» **Requirement**
Below, locate the line that contains "(6) De Saulcy.". Repeat exactly from that line to the line that contains "堅くなりがちな国家試験関連の", inclusive, leaving out the pictures.

» **Information shown**
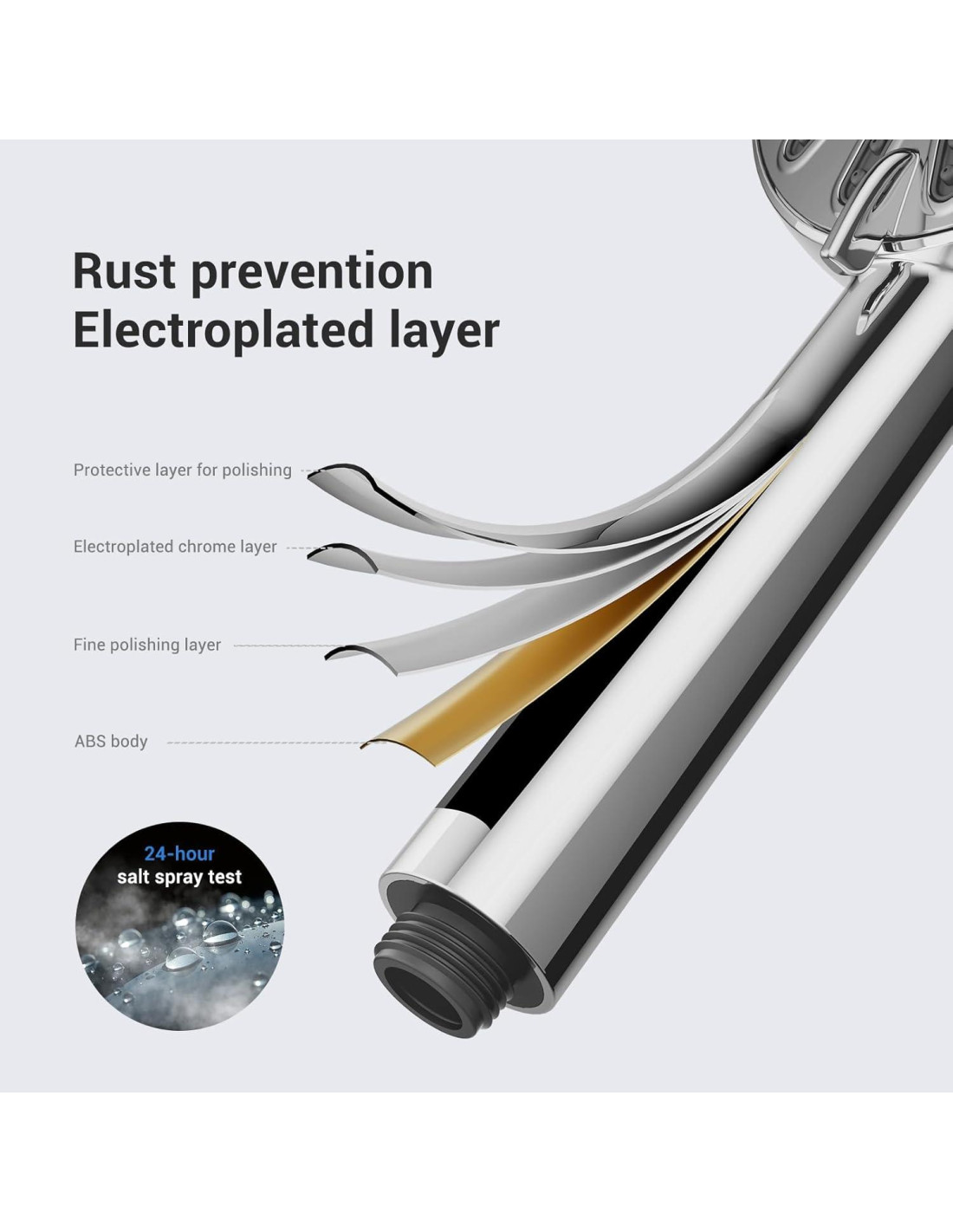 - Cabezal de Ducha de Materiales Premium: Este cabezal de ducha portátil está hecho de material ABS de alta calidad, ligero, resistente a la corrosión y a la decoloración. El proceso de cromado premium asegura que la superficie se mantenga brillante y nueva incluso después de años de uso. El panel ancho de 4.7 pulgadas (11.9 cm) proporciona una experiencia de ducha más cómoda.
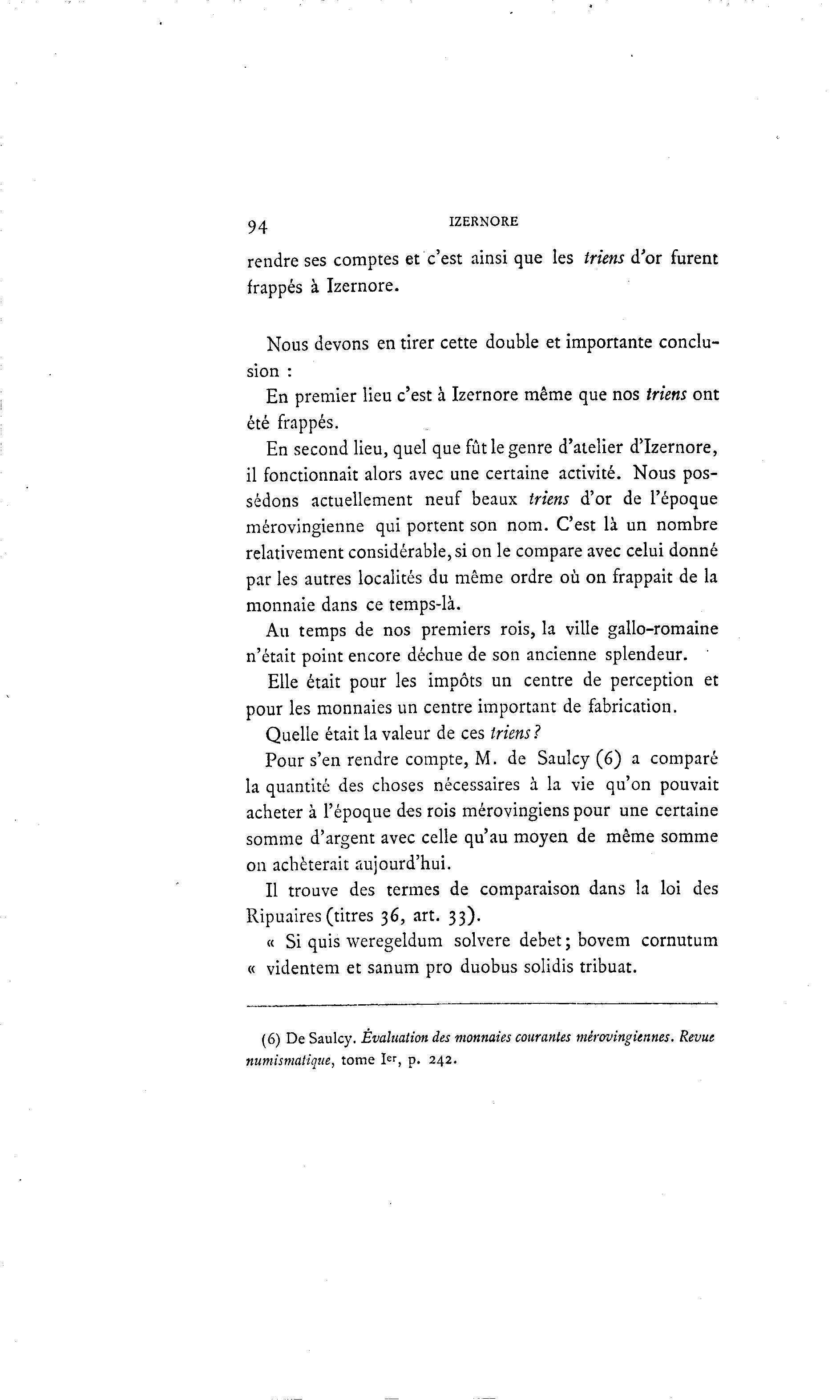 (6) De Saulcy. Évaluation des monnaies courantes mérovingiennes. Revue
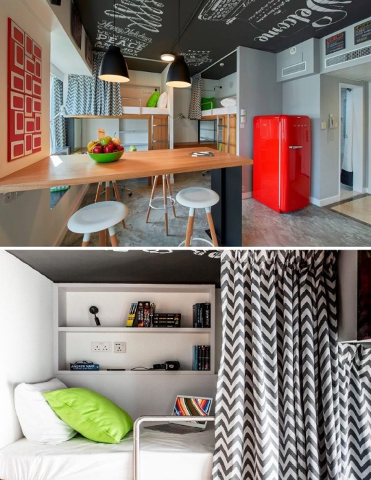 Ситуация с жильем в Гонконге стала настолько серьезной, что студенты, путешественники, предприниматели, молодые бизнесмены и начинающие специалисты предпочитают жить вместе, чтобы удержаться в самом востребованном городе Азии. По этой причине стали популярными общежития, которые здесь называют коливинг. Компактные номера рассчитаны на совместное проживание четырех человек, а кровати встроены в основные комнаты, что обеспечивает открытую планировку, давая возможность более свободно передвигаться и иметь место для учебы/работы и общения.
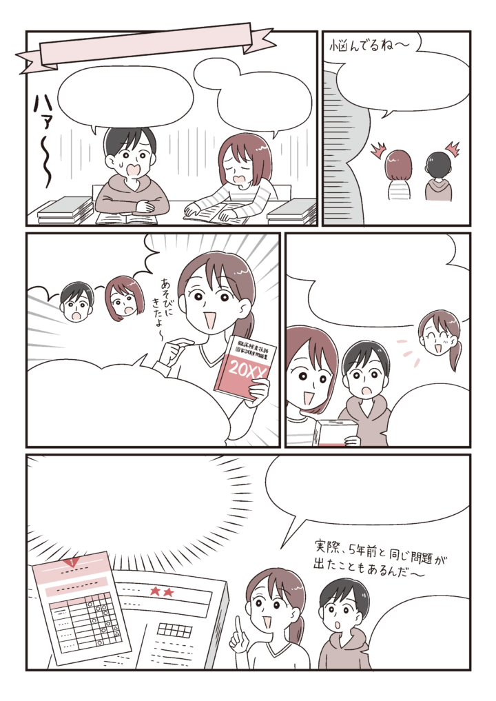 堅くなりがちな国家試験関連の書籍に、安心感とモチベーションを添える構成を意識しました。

---

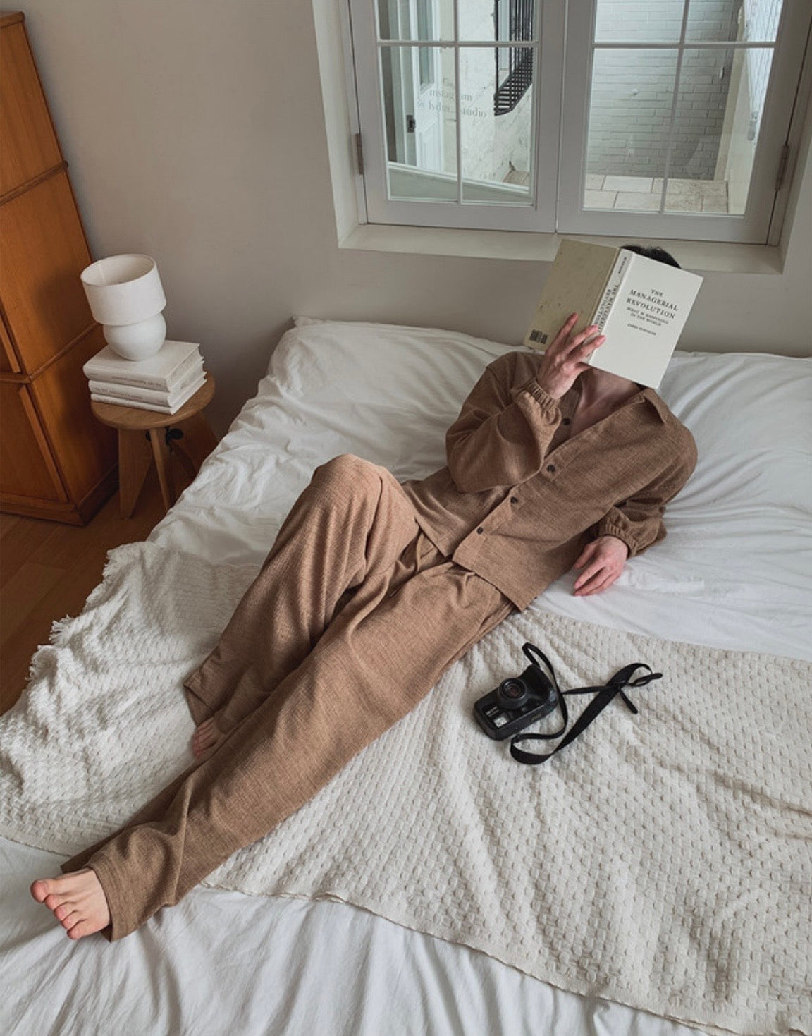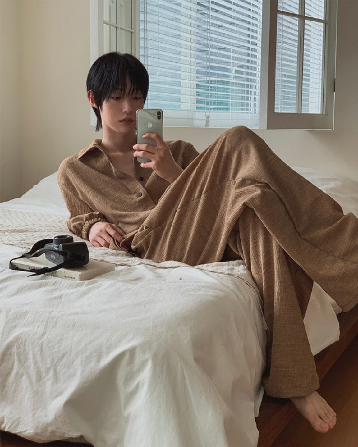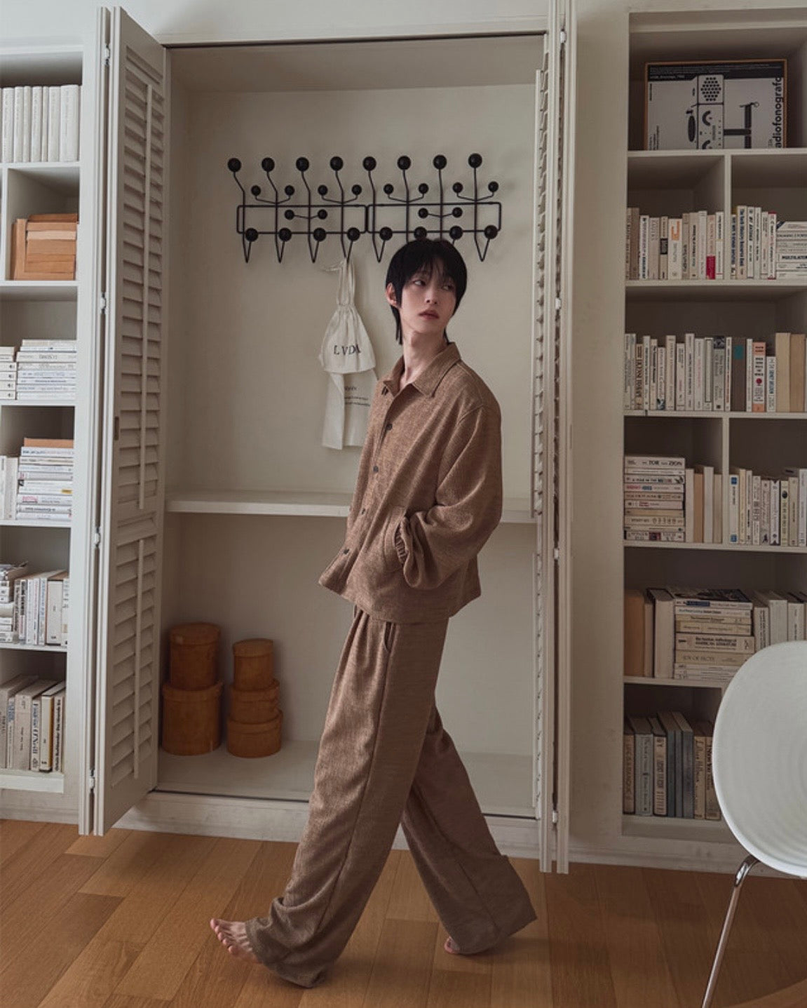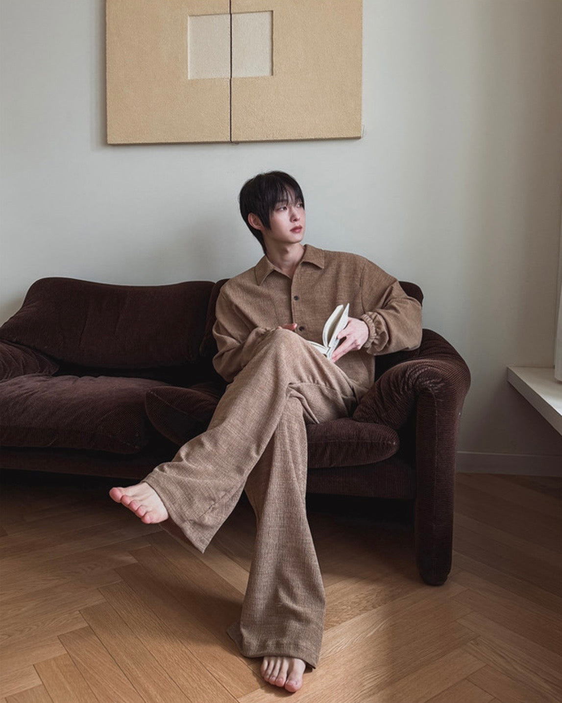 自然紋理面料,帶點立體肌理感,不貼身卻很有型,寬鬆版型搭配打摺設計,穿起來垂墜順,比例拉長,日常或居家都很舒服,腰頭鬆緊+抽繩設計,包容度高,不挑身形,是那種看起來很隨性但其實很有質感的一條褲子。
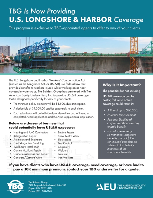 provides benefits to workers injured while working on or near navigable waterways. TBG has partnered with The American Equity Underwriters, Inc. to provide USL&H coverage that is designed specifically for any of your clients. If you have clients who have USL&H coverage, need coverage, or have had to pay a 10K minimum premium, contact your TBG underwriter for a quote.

...

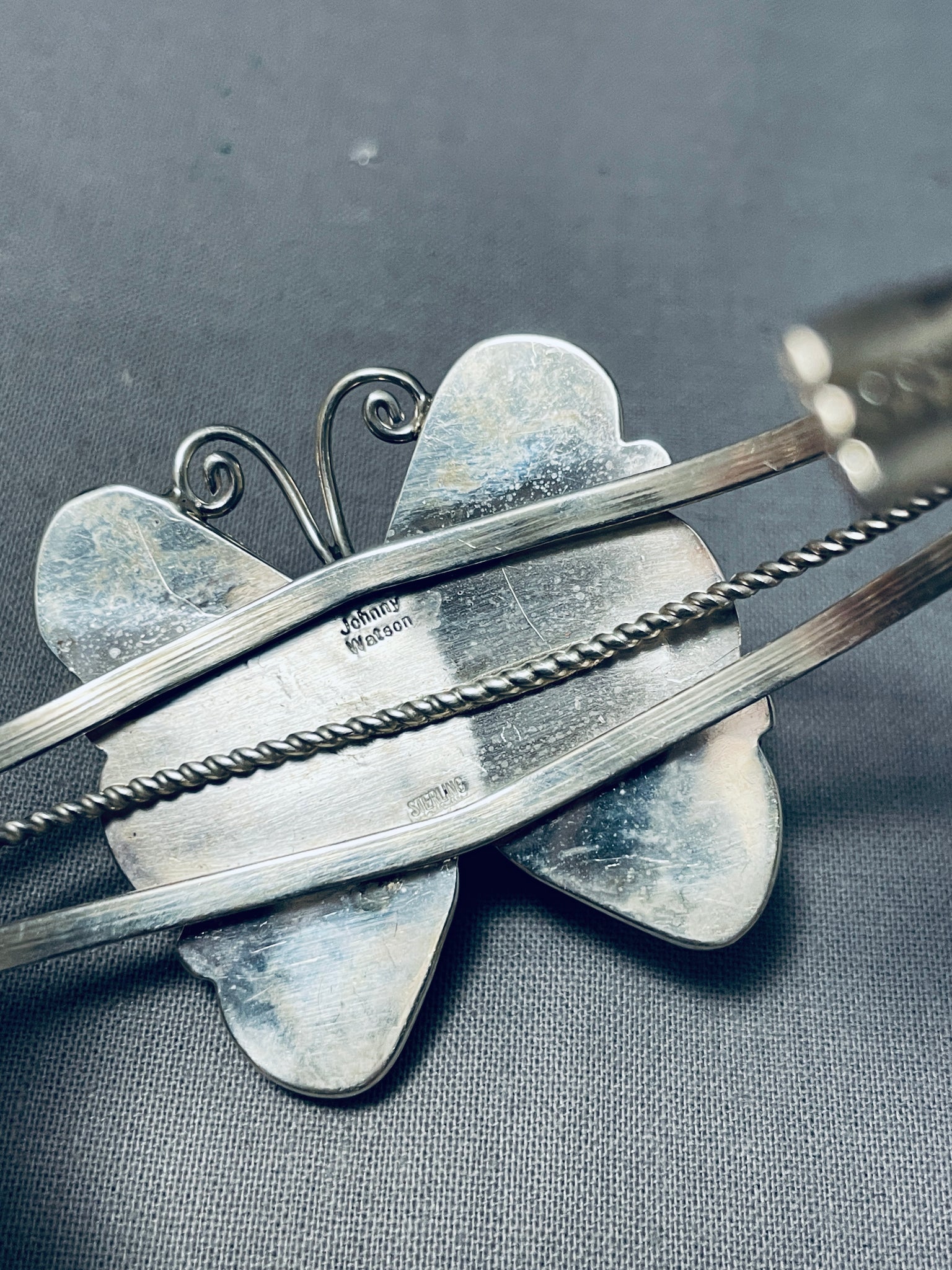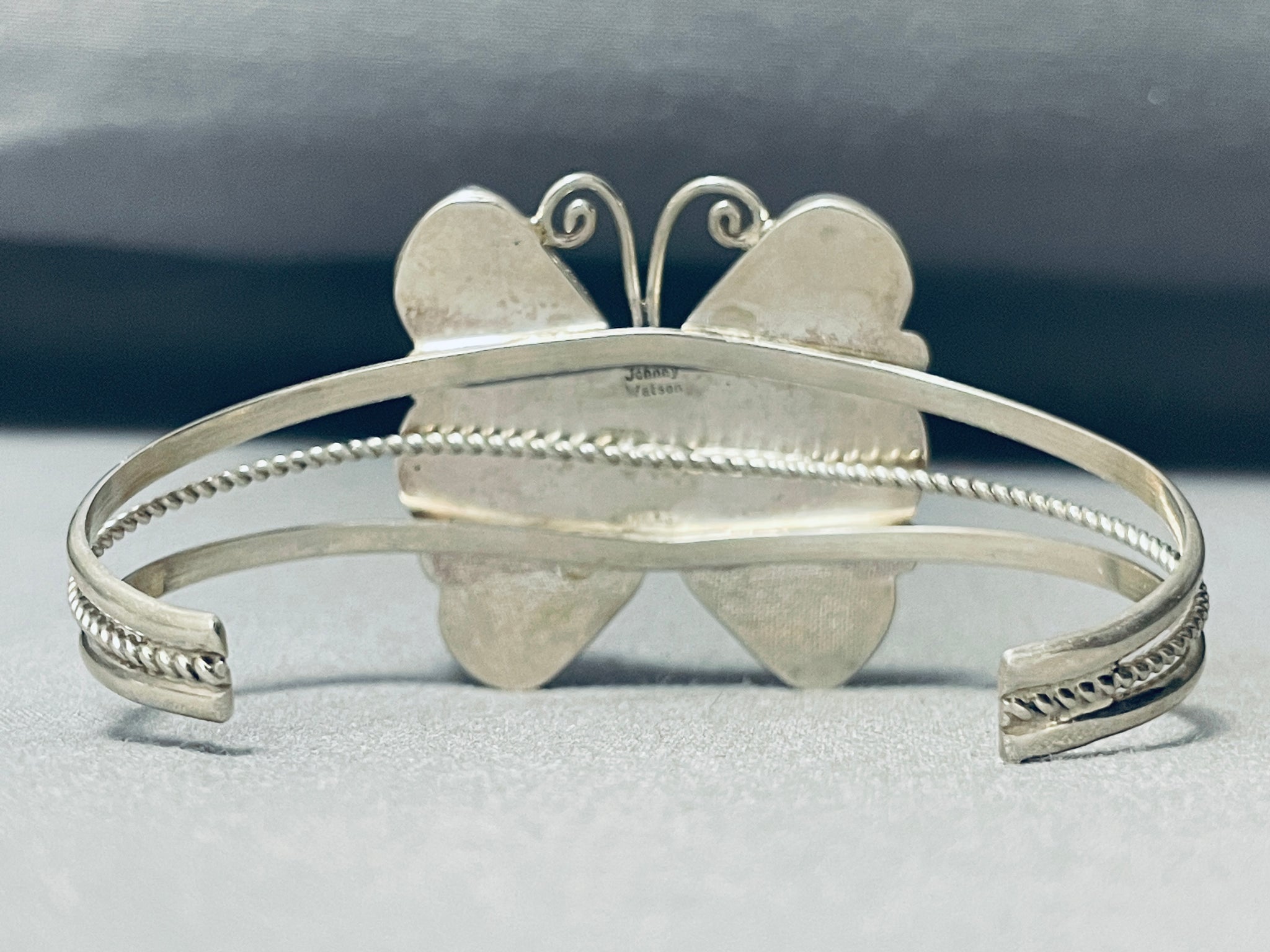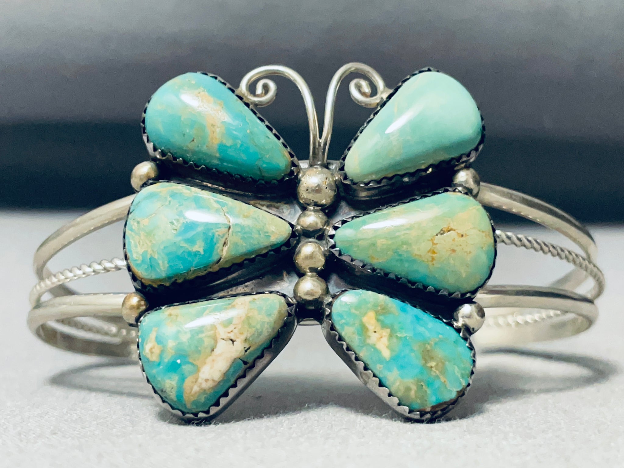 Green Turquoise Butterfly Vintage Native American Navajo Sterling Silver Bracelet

» **Exercise answer**
 (6) De Saulcy. Évaluation des monnaies courantes mérovingiennes. Revue
 Ситуация с жильем в Гонконге стала настолько серьезной, что студенты, путешественники, предприниматели, молодые бизнесмены и начинающие специалисты предпочитают жить вместе, чтобы удержаться в самом востребованном городе Азии. По этой причине стали популярными общежития, которые здесь называют коливинг. Компактные номера рассчитаны на совместное проживание четырех человек, а кровати встроены в основные комнаты, что обеспечивает открытую планировку, давая возможность более свободно передвигаться и иметь место для учебы/работы и общения.
 堅くなりがちな国家試験関連の書籍に、安心感とモチベーションを添える構成を意識しました。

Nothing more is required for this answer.